The first plurality of parameters and the second plurality of parameters are provided to a computing device, e.g., for using machine learning to develop the testing model. The person of ordinary will appreciate that the computing device can include a processor programmed to perform a machine learning algorithm. This can take the form of an appropriately-programmed general purpose computer. As would be understood by the person of ordinary skill in the art, a computing device includes any known device suitable for computing. For example, the computing device may be a user device (e.g., a device actively operated by a user), such as a mobile device (e.g., tablet computer or smartphones) or a stationary device (e.g., desktop computers or laptop computers). Such devices may include one or more processors (e.g., a central processing unit (CPU), a graphics processing unit (GPU), a network processor, and/or a form of integrated circuit or controller that performs processor operations) one or more sensors (e.g., gyroscopes, accelerometers, cameras, touchscreens, tactile buttons, keyboards, etc.), one or more network communication models (e.g., IEEE 802.11 (Wi-Fi), BLUETOOTH®, global positioning system (GPS), a wide-area wireless interface, Ethernet, Synchronous Optical Networking, digital subscriber line, etc.), and one or more digital storage systems (e.g., random access memory (RAM), read-only memory (ROM), flash memory, hard disk drives, solid state drives, compact discs (CDs), digital video disks (DVDs), and/or tape storage), all of which may be connected by a system bus or a similar mechanism. In some examples, the computing device may include other components and/or peripheral devices (e.g., keyboards, mouse, sensors, detachable storage, printers, etc.).

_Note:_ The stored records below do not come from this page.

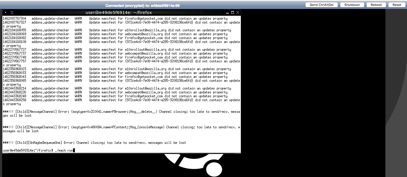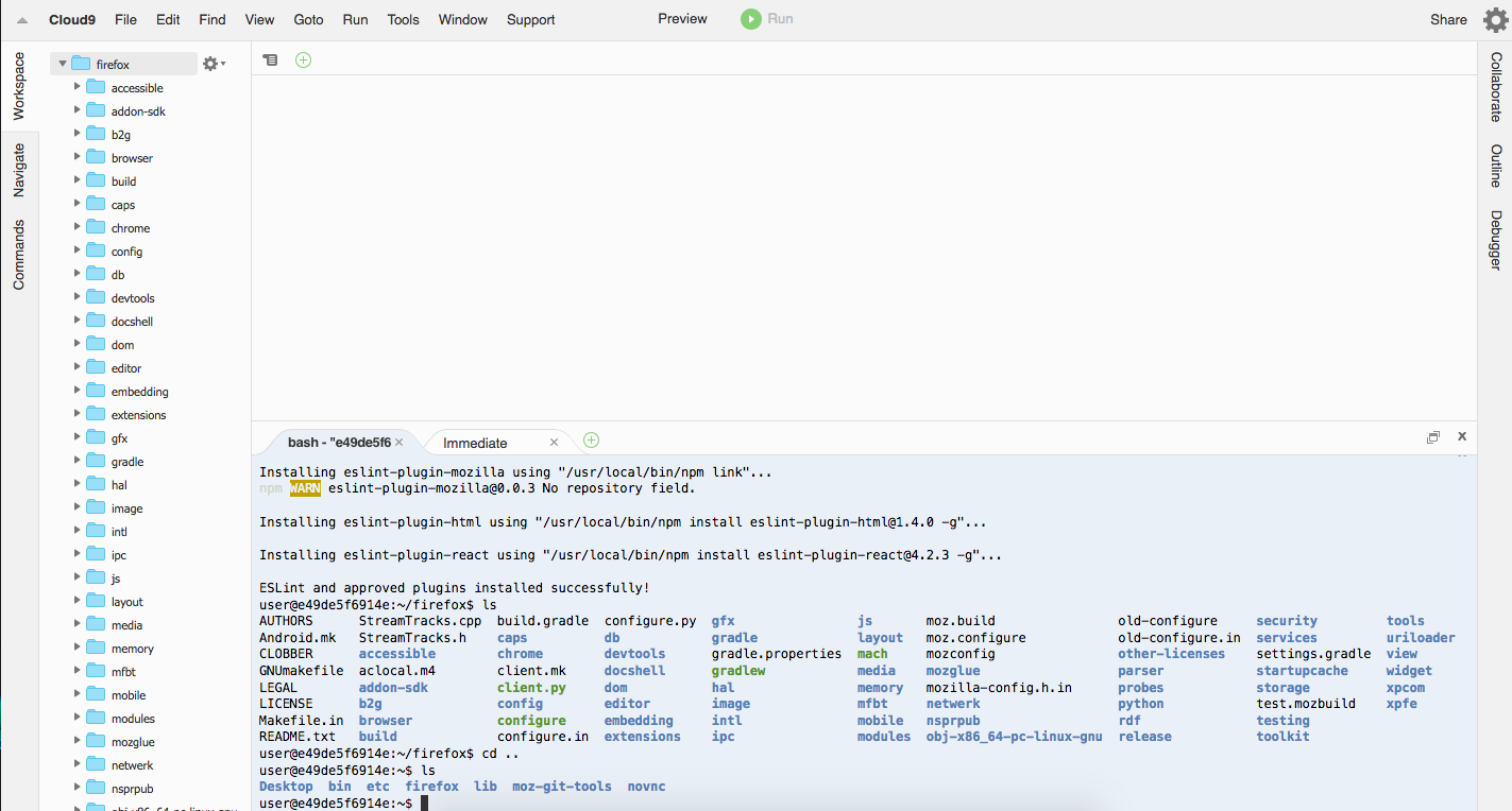 After an initial "git pull origin master" in the Cloud9 editor terminal, you can start to build Firefox in there. Simply running "./mach build" is enough. For me this took about 12 minutes for the first time, while my laptop still needs more than 50 minutes to compile Firefox. This is definitely an improvement. Further you won't need anything else than a browser!
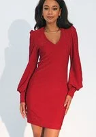 Fason mini, dopasowany, z długim, luźnym rękawem.
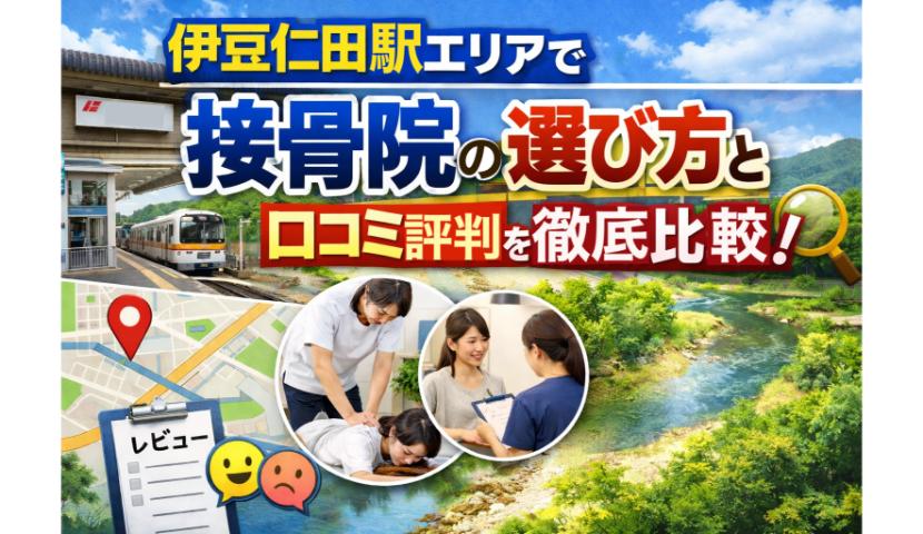 このように、伊豆仁田駅エリアの接骨院は多様な症状や目的に対応し、駅近の利便性と専門性の高さが特徴です。

The machine learning algorithm can be, for example, artificial neural network algorithm, as described herein. The present inventors have determined that artificial neural network algorithms can be especially useful to map the relationship between the featurized parameters and the phase content of the first reference calcium sulfate samples. In machine learning applications, artificial neural networks decompose a complex nonlinear function into a composition of linear transformations with learnable parameters connected by nonlinear activation functions. With increasing numbers of such nonlinear transformations organized in “layers”, it is possible to efficiently learn highly complex feature spaces.

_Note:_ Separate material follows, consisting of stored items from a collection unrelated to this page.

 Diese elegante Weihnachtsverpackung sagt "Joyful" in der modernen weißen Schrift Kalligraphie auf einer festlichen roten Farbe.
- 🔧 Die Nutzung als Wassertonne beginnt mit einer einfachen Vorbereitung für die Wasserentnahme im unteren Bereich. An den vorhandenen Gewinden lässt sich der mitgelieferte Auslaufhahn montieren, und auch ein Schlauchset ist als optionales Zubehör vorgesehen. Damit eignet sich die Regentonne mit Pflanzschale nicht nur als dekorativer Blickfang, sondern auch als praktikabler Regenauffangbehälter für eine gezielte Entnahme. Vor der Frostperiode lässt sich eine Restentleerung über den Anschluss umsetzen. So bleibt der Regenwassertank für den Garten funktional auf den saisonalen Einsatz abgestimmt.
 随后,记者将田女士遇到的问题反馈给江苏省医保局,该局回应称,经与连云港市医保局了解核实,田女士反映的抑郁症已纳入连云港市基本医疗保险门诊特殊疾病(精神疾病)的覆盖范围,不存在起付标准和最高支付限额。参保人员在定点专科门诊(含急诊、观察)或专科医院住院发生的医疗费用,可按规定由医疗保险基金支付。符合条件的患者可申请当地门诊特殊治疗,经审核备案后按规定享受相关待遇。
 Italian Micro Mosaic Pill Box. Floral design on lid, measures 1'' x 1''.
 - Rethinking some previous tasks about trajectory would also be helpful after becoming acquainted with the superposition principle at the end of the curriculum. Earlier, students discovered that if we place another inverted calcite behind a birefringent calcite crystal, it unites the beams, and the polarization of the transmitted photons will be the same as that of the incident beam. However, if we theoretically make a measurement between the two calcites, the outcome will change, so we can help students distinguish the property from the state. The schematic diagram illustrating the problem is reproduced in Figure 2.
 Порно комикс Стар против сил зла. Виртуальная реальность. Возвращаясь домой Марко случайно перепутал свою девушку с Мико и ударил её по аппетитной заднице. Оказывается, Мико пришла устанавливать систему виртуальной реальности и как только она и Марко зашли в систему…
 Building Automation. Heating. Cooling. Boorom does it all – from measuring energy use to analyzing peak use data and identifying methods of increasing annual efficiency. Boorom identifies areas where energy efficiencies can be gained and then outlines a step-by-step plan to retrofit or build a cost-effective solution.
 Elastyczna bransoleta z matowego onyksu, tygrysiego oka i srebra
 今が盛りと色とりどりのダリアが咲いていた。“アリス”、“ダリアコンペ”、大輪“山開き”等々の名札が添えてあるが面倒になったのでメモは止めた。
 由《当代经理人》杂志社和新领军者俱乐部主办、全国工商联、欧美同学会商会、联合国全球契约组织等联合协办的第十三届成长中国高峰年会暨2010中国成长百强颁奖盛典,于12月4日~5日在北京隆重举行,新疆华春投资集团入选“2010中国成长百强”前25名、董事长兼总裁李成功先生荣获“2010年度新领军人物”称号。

In various embodiments, the artificial neural network has an input layer comprising at least one node for each parameter of the first plurality of parameters and the second plurality of parameters; at least two hidden layers having nodes associated with the input layer; and an output layer having at least five output nodes associated with the hidden layers. One such embodiment is shown in
Neurons at the input layer first receive the values of featurized parameters and then process the signals to the next connected neurons, where a weight is applied to adjust each learning process. The artificial neural network used here contained two hidden layers, where each layer has 64 neutrons. Ultimately, the featurized parameters travel from the input layer, progress through the hidden layer, and eventually reach the output layer with calculated values.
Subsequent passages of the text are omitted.